Stored data entries:
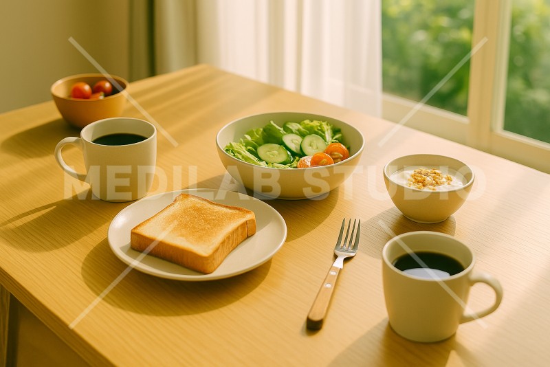 食パンをメインにした朝食。コーヒー、サラダ、ヨーグルト。隣にはパートナーの朝食も用意されている想定。
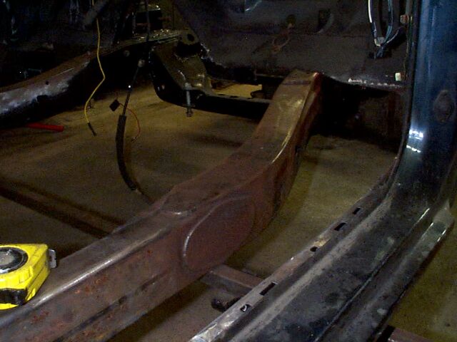 Stock floor gutted for new sheetmetal floor for stock floor body drop.
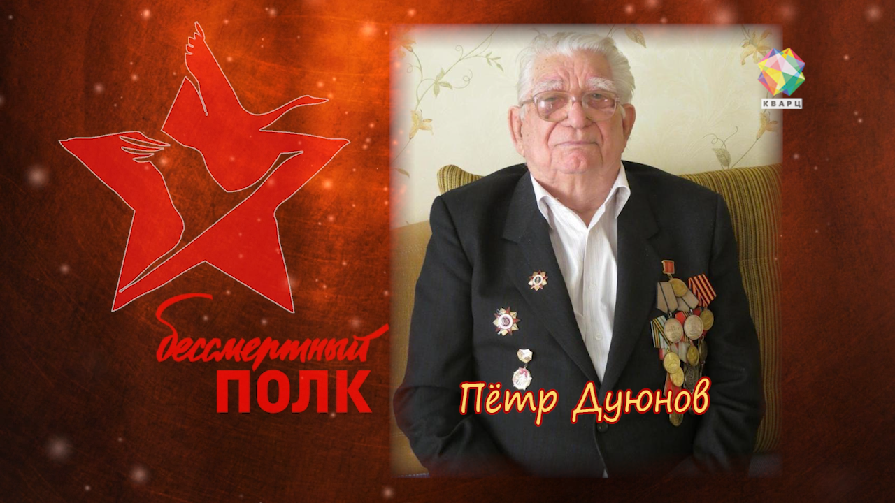 Пётр Дмитриевич Дуюнов на войну отправился в июле 43-го. В составе 308-ой стрелковой Краснознамённой дивизии форсировал Днепр, освобождал белорусские города . 24 июня 44 года огнём из станкового пулемёта пулемётчик 1-го стрелкового батальона уничтожил до взвода пехоты противника. В боях за деревню Новая Шараевщина отразил контратаку немцев, уничтожив при этом две огневые точки и 30 фашистских солдат. Награжден Орденом Красной звезды. В одном из боев был тяжело ранен.
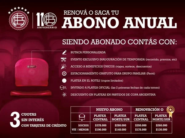 Si aún no tenes tu abono anual, podes adquirirlo y disfrutar de numerosos beneficios, como la posibilidad de personalizar tu butaca con nombre, apellido y número de socio, acceso prioritario a sorteos para viajes de Copa Sudamericana y entradas para partidos internacionales, entre otros. Además, los socios que abonen grupo familiar tendrán estacionamiento gratuito en cada partido de local.
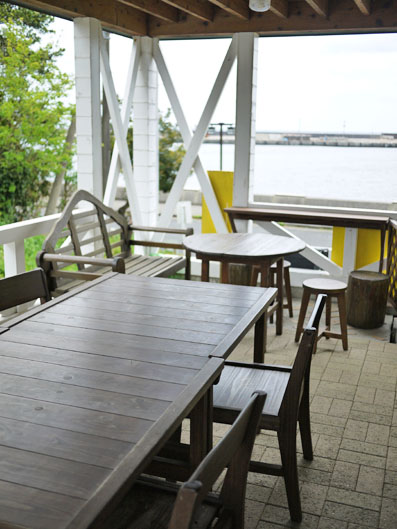 「カフェスマイリー」は、安房港を望む川沿いに位置します。
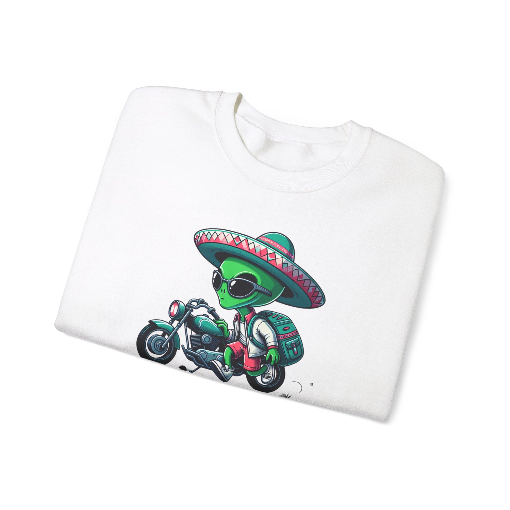 Introducing our exclusive crewneck featuring a groovy green alien sporting shades and a sombrero, casually stepping off his sleek futuristic motorcycle! The design stands out with a white background of abstract patterns that elevate this otherworldly piece. Embrace space fashion with this unique look! πΈπ« #AlienFashion #SciFiChic #ExtraterrestrialStyle #GalacticGear #SpaceTrend #AlienVibes #FuturisticFashion #CoolAlien #UniqueLook #CrewneckStyle
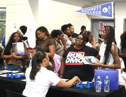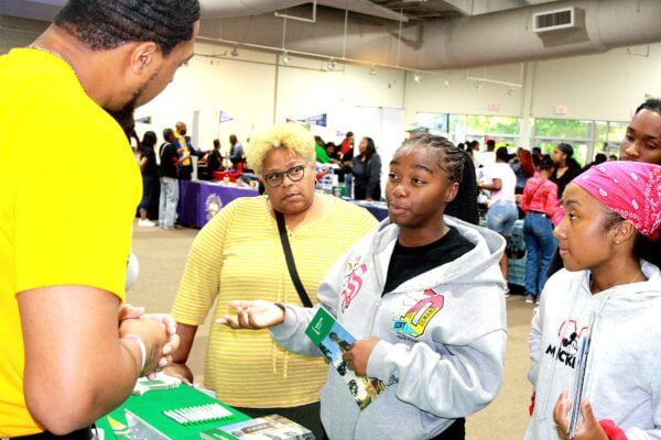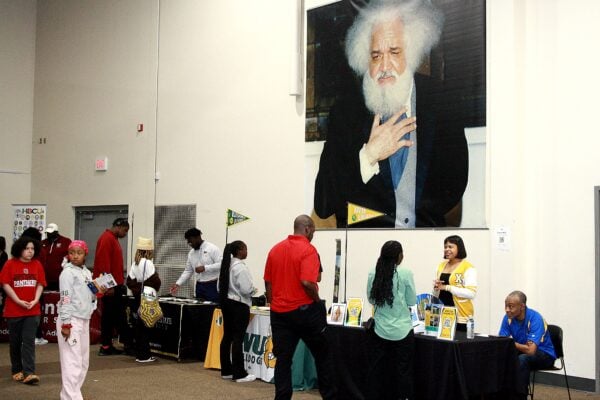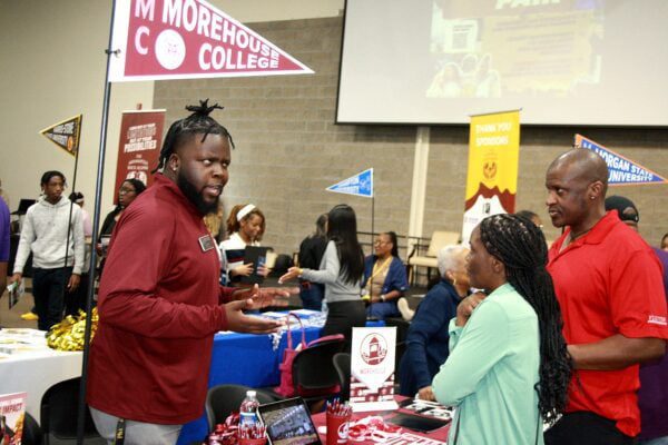 An image of Boniface Hardin, founder of Martin University, overlooks visitors at the college fair. (Photo/Curtis Guynn)Jeremy Jones, a recruiterĀ for Norfolk State University, explains some of the benefits to Angie Guynn, Gianna Peerman and Genesis Watts. (Photo/Curtis Guynn)Stefan Harden, Morehouse College recruiter, talks to SloviaĀ and Ben Kiwanuka on what their student can expect from Morehouse. (Photo/Curtis Guynn)Bennett College, a women’s college in North Carolina, was busy with many visitors.Ā (Photo/Curtis Guynn)

WORK TO BE COMPLETED:
Could you reproduce the records above exactly, leaving out every picture?

TASK ANSWER:
 食パンをメインにした朝食。コーヒー、サラダ、ヨーグルト。隣にはパートナーの朝食も用意されている想定。
 Stock floor gutted for new sheetmetal floor for stock floor body drop.
 Пётр Дмитриевич Дуюнов на войну отправился в июле 43-го. В составе 308-ой стрелковой Краснознамённой дивизии форсировал Днепр, освобождал белорусские города . 24 июня 44 года огнём из станкового пулемёта пулемётчик 1-го стрелкового батальона уничтожил до взвода пехоты противника. В боях за деревню Новая Шараевщина отразил контратаку немцев, уничтожив при этом две огневые точки и 30 фашистских солдат. Награжден Орденом Красной звезды. В одном из боев был тяжело ранен.
 Si aún no tenes tu abono anual, podes adquirirlo y disfrutar de numerosos beneficios, como la posibilidad de personalizar tu butaca con nombre, apellido y número de socio, acceso prioritario a sorteos para viajes de Copa Sudamericana y entradas para partidos internacionales, entre otros. Además, los socios que abonen grupo familiar tendrán estacionamiento gratuito en cada partido de local.
 「カフェスマイリー」は、安房港を望む川沿いに位置します。
 Introducing our exclusive crewneck featuring a groovy green alien sporting shades and a sombrero, casually stepping off his sleek futuristic motorcycle! The design stands out with a white background of abstract patterns that elevate this otherworldly piece. Embrace space fashion with this unique look! πΈπ« #AlienFashion #SciFiChic #ExtraterrestrialStyle #GalacticGear #SpaceTrend #AlienVibes #FuturisticFashion #CoolAlien #UniqueLook #CrewneckStyle
 An image of Boniface Hardin, founder of Martin University, overlooks visitors at the college fair. (Photo/Curtis Guynn)Jeremy Jones, a recruiterĀ for Norfolk State University, explains some of the benefits to Angie Guynn, Gianna Peerman and Genesis Watts. (Photo/Curtis Guynn)Stefan Harden, Morehouse College recruiter, talks to SloviaĀ and Ben Kiwanuka on what their student can expect from Morehouse. (Photo/Curtis Guynn)Bennett College, a women’s college in North Carolina, was busy with many visitors.Ā (Photo/Curtis Guynn)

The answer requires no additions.